66.  Friday.

At St Pancras.  I do like it here.  It’s more expensive than the other speakeasies I frequent, but more decadent, populated by continental travelling people.  I haven’t stolen any plates for ages, it’s not really possible with the number of attentive people hovering.  They’re mostly pleasant though.

An attractive man opposite.  Pale, young, comfortable face, dark eyes, solid arms, a bit like a former colleague.  You don’t see people of this calibre in that dock town flophouse.  The odd guy in the green hat was attractive but out of control.  This one has combat trousers with a pouch-like outside trousers, so he must do a manual trade type job, but he’s very clean, so perhaps supervisory, managerial, intelligent.  Unless he just likes those trousers.

I applied for the home working office job today, I’m still not sure about it.  It’s strange how home working used to be associated with low paid unskilled work, usually performed by lone parents or carers.  Mary the punk in Eastenders did something with a sewing machine, Clarrie Grundy plucked turkeys.  Now home working has more aspirational words aligned to it.  “Agile”, “flexible”, “lean”, “digital nomad”, although that latter one has been applied more to media workers and travel writers up mountains, who hook up to hotdesk spaces.  I don ‘t know if I’d bother about using official “hub” style hotdesk spaces, unless I felt in need of professional validation.  I suppose what I’m doing now is a form of hotdesking though, just in places where people come to pose, imbibe, meet, fill time, talk, laugh.  Some work.  Some, like me, attempt to work.  Most have laptops, I make do with a notebook, in order to appear more bohemian.  I try to imagine I’m in a 1950s coffee shop.  I’m not, obviously.

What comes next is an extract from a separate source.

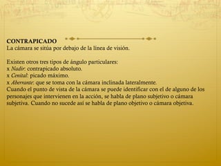 El documento describe diferentes tipos de ángulos y planos de cámara, así como la digitalización y edición de video. Los tipos de ángulos incluyen ángulo normal, picado y contrapicado. Los tipos de planos incluyen plano general, entero, americano, medio y primer plano. La digitalización convierte imágenes analógicas en formato digital mediante muestreo y cuantificación. La edición de video permite manipular medios como archivos de video para crear un producto final.

The opposite man is working at a laptop but spending more time staring vacantly around.  I do plenty of that, of course.  Perhaps he’s an observational writer like me.  He’s talking on a ‘phone now, well headphones.  Raw Essex Kent home counties accent, slightly rough but camp and giggly too.  He seems like fun, smooth skin, malleable neck.  He’s talking about electric/hybrid motor cars though, which is dull.  So many people are addicted to motoring.  If my bookselling at markets business ever flourishes I could have a cute small electric car.  A G-Wiz might have a modern Citroen 2CV vibe, but they must be wearing out now.  A smart car may be better.  I’m not sure if he’s taking photographs of me.  Probably not but I’d feel hotly violated if he was.  Violated and excited.

I’m thinking again about what I can do, what I want to do, what I should do after the interim-nothing-back to theatre phase ends.  Studying a postgraduate art programme with a land/writing/visual poetry practise may be an interesting proposal, followed by living elsewhere, living life.

Opposite man has met friends and gone outside now.  Other people at the next table are talking about cars too, emissions in South Woodford.  Who cares?

It’s suddenly got very dark, as if it is going to rain again.  Sitting at home earlier seeing the light change made me think about the prospect of spending all day at home working in a headset.  I could take pleasure from nature, use the balcony as a breakout space.  It will only be for three months.  I could do it and just become numb.